A crypto-savvy CPA typically charges $500–$2,500 for a personal return, depending on complexity. That is real money, but if you are looking at five-figure tax liability or potential penalties, the math usually works out. Tools are not a substitute for professional advice when the stakes are high — they are a way to walk in with clean books so the CPA bills less.
FAQ
What if my 1099-DA shows $0 cost basis?
It is not a bill for tax on the full proceeds. For the 2025 tax year, brokers are only required to report gross proceeds, so a blank or $0 basis is expected — especially for crypto transferred in from another exchange or self-custody wallet. Supply the correct basis yourself on Form 8949 column (e), and use adjustment code B in column (f) to flag that the broker-reported figure is wrong.
Do I need to file Form 8949 if I got a 1099-DA?
Yes, in almost all cases. Form 8949 is where each sale is itemized and where you reconcile any cost-basis or proceeds difference between the 1099-DA and your records. The totals from 8949 flow into Schedule D, which flows into Form 1040. Tax software does this automatically when you import the 1099-DA, but you still want to verify each line.
Is 1099-DA the same as 1099-B?
Functionally similar, legally separate. 1099-B is for traditional securities (stocks, ETFs, bonds). 1099-DA is the new dedicated form for digital-asset transactions, created so the IRS can match crypto sales the same way it matches stock sales. The reporting columns and the way you carry totals to Form 8949 and Schedule D are nearly identical.
When will brokers start reporting cost basis on 1099-DA?
Cost-basis reporting becomes mandatory for the 2026 tax year — meaning 1099-DA forms received in January 2027 should include both proceeds and basis. For 2025-tax-year forms (received in early 2026), brokers can report basis voluntarily, but most are not, so expect blank columns this filing season.
Will I get a 1099-DA for DeFi or self-custody trades?
No. The Treasury Department's broker rule for decentralized exchanges was rescinded in 2025, so DEXs and on-chain DeFi protocols have no 1099-DA reporting obligation.

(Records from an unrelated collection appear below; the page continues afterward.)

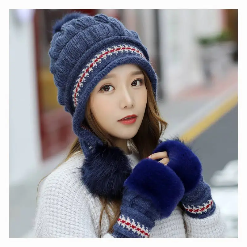 Купить Новинка 2021 Женская осенне-зимняя шапка с капюшоном корейская модная Вязаная
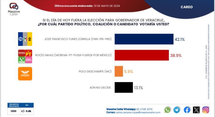 Xalapa, Veracruz, 2 de mayo.- Al concluir el primer mes de campaña electoral, los cambios en la intención de voto para la gubernatura de Veracruz son evidentes. Pepe Yunes, candidato de la coalición Fuerza y Corazón por Veracruz, que incluye a PAN, PRI y PRD, ha logrado un aumento significativo en las preferencias, posicionándose en primer lugar con el 42.1%. Por el contrario, Rocío Nahle, de la coalición Juntos Haremos Historia, integrada por MORENA, PT y el Partido Verde, ha visto cómo su apoyo se desploma hasta el 38.9% en la medición más reciente.
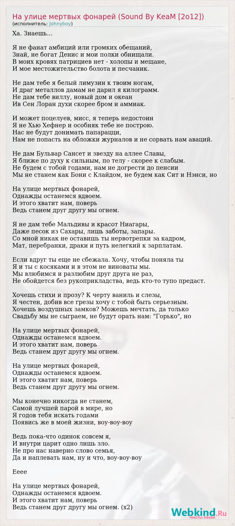 Ха. Знаешь... Я не фанат амбиций или громких обещаний, Знай, не богат Денис и мои полки обнищали. В моих кровях патрициев нет - холопы и мещане, И мое местожительство болота и песчаник. Не дам тебе я белый лимузин к твоим ногам, И драг металлов дамам не дарил я килограмм. Не дам тебе виллу, новый дом и океан Ив Сен Лоран духи скорее бром и аммиак. И может поцелуев, мисс, я теперь недостоин Я не Хью Хефнер и особняк тебе не построю. Нас не будут донимать папарацци, Нам не попасть на обложки журналов и не сорвать нам аваций. Не дам Бульвар Сансет и звезду на аллее Славы, Я ближе по духу к сильным, по телу - скорее к слабым. Не будем с тобой годами, нам не догрести до пенсии Мы не станем как Бони с Клайдом, не будем как Сит и Нэнси, но На улице мертвых фонарей, Однажды останемся вдвоем. И этого хватит нам, поверь Ведь станем друг другу мы огнем. Я не дам тебе Мальдивы и красот Ниагары, Даже песок из Сахары, лишь заботы, запары. Со мной никак не оставишь ты нервотрепки за кадром, Мат, перебранки, драки и путь нелегкий к зарплатам. Если вдруг ты еще не сбежала. Хочу, чтобы поняла ты Я и ты с косяками и в этом не виноваты мы. Мы влюбимся и разлюбим друг друга не раз, Не обойдется без рукоприкладства, ведь кто-то тупо предаст. Хочешь стихи и прозу? К черту ваниль и слезы, Я честен, добив все грезы хочу с тобой быть серьезным. Хочешь воздушных замков? Можешь мечтать, да только Свадьбу мы не сыграем, не будут орать нам: "Горько", но На улице мертвых фонарей, Однажды останемся вдвоем. И этого хватит нам, поверь Ведь станем друг другу мы огнем. На улице мертвых фонарей, Однажды останемся вдвоем. И этого хватит нам, поверь Ведь станем друг другу мы огнем. Мы конечно никогда не станем, Самой лучшей парой в мире, но Я годов тебя искать годами Появись же в моей жизни, воу-воу-воу Ведь пока-что одинок совсем я, И внутри царит одно лишь зло. Не про нас наверно слово семья, Да и наплевать нам, ну и что, воу-воу-воу Ееее На улице мертвых фонарей, Однажды останемся вдвоем. И этого хватит нам, поверь Ведь станем друг другу мы огнем. (x2)

You are still legally required to report those gains and losses on your own Form 8949 — the IRS just does not get a matching information return for those events.

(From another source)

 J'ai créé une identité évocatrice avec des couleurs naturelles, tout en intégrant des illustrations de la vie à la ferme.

What is adjustment code B on Form 8949?
Code B tells the IRS that the basis your broker reported is wrong and that the figure in your column (e) is the correct one. You enter it in column (f), and you put the dollar adjustment in column (g) — typically a negative number, because you are increasing basis above what the broker reported. It is the standard way to fix a $0-basis 1099-DA without amending a return.

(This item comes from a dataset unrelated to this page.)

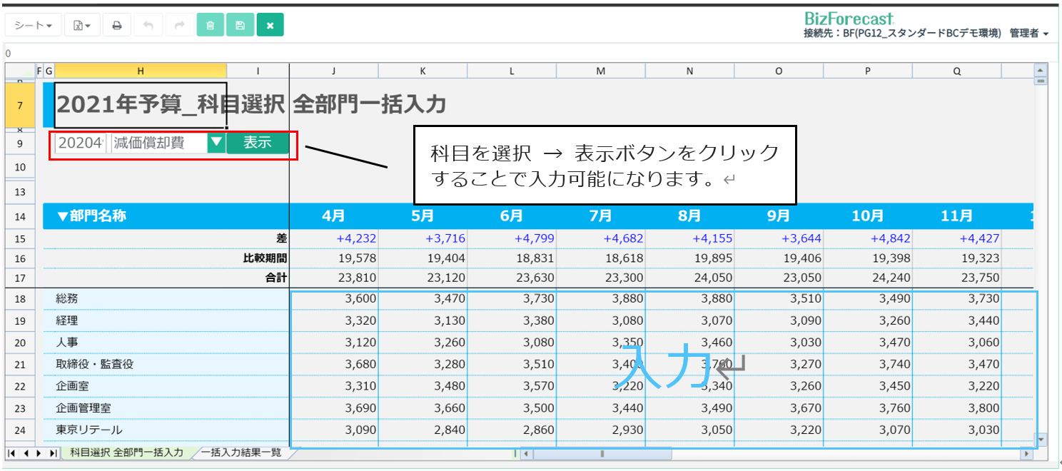 「期別マスタ >> 科目別予算登録方式設定」にて[科目|一括入力①~③]を選択した科目のみ、当シートにて入力対象科目として選択可能になります。科目選択した上で「期別マスタ >> 予算比較業務設定」で設定した各月の比較対象業務の金額を参照しながら部門毎の予算(負担)金額やコメントを登録します。

Can I still use HIFO or specific identification with a 1099-DA?
Yes, if you can document it. The IRS default is FIFO, but you can use specific identification — including a highest-in-first-out preference — when you have records identifying the specific tax lot you sold at the time of the trade. Crypto-tax software handles this automatically when you import the full transaction history. Once you adopt a method for an asset, stay consistent.
What happens if I ignore my 1099-DA?
The IRS gets a copy. If your tax return shows less crypto activity than your 1099-DA reports, you are very likely to get a CP2000 notice proposing additional tax based on the broker's numbers — usually with $0 basis assumed, which inflates the tax. Responding to a CP2000 with reconstructed basis is doable but tedious. It is much easier to file a correct Form 8949 the first time.
Methodology & Sources
This guide is built from the IRS final regulations on digital-asset broker reporting (Treasury Decision finalized 2024), the IRS draft and final instructions for Form 1099-DA, IRS Form 1099-DA instructions, IRS Publication 544 (Sales and Other Dispositions of Assets), and the instructions for Form 8949 and Schedule D. Cost-basis adjustment-code conventions follow the official Form 8949 instructions.
- IRS — About Form 1099-DA, Digital Asset Proceeds From Broker Transactions: irs.gov/forms-pubs/about-form-1099-da
- IRS Publication 544 — Sales and Other Dispositions of Assets.
- IRS — Instructions for Form 8949 (sales and other dispositions of capital assets) and Schedule D.